Until now Dick had supposed that the land chase had been entirely his
own notion, but he said nothing.
 
"Look here, Bill,"--it was Wilson breaking the silence,--"there isn't
any use of our trying to sleep to-night. Let's break out and run this
thing down."
 
"How are you going to know your way in the middle of the night?"
 
"Make 'em show us."
 
"Suppose you can't make them?"
 
"I know--you're still thinking about that boy. But we are no nearer him
than we were an hour ago."
 
"Listen a minute!"
 
They sat motionless. There was no sound; nothing but the heavy stillness
of the night.
 
Wilson whispered, "Think you heard something?"
 
"S-sh!"
 
A key turned softly in the lock. Then the door opened a little way,
and against the sky they could see a head. Wilson drew his revolver.

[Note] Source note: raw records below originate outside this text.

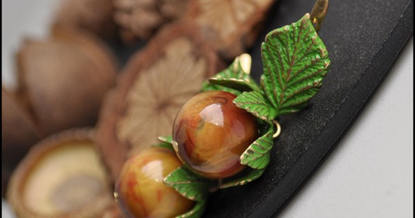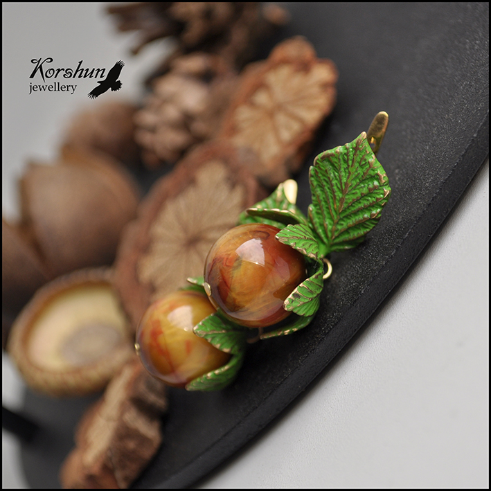 Очаровательные серьги в стиле гоблинкор, в виде плодов орешника с удивительным огненным непальским п..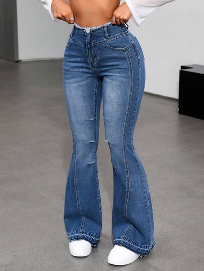 Rivivi 女士休闲毛边喇叭牛仔裤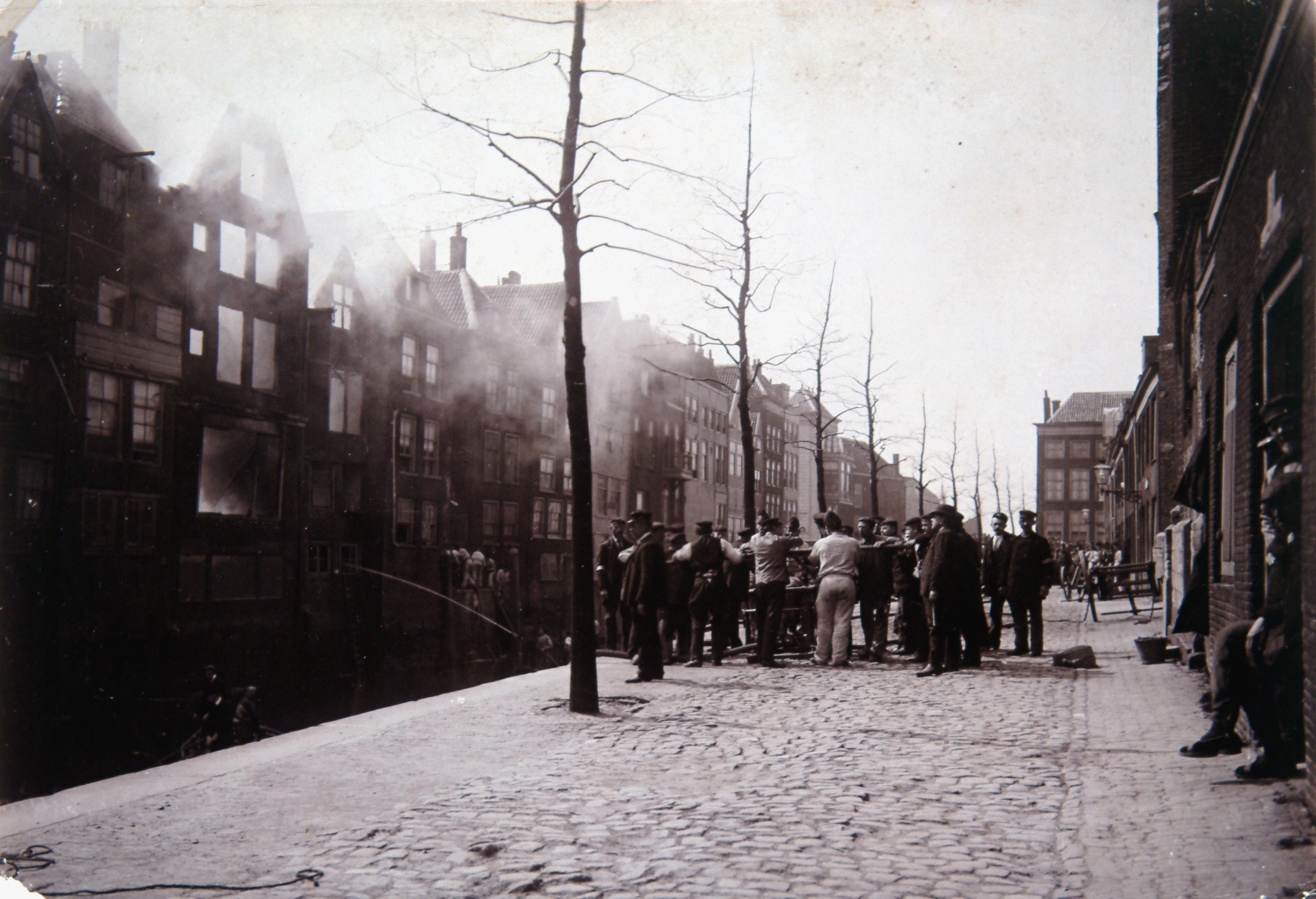 De brandweer met hulp van enkele pontonniers bestrijden de brand vanaf de Pottenkade …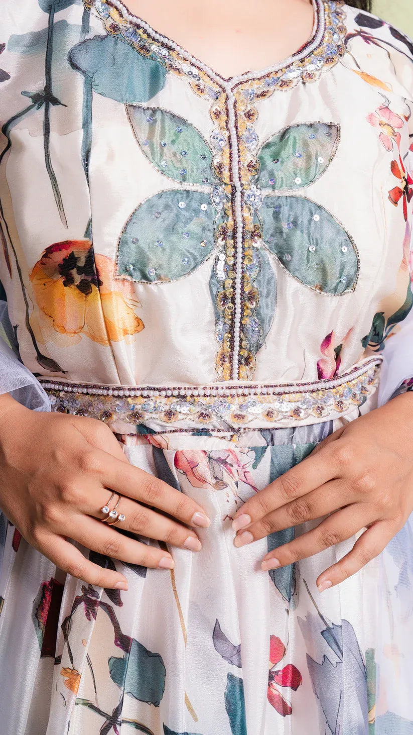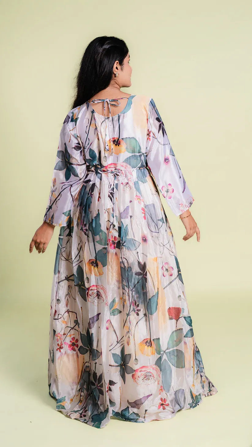 Floral Print Heavy Gown with Net Dupatta

Beveridge heard the hammer click, and said quietly, "Don't be a fool,
Bert. Put that thing back in your pocket."
 
"Are you's in there?" came a voice from the door.
 
"Yes. Come along."
 
The door opened wider to admit the owner of the voice, then closed.
A moment later a lantern was lighted and held up before the grinning,
excited face of the farmer's son.
 
"Come on, Alex. What do you want?"
 
The boy slowly approached until he stood before them; then he set the
lantern on the floor, where it cast long shadows.
 
"What is it, my boy?"
 
Axel looked knowingly at them. "Say," he whispered, "I know what you's
are. You're detectives."
 
"Oh, we are, are we? What makes you think that?"
 
"You're detectives. I know."
 
"Sit down, and talk it over. Do you smoke?"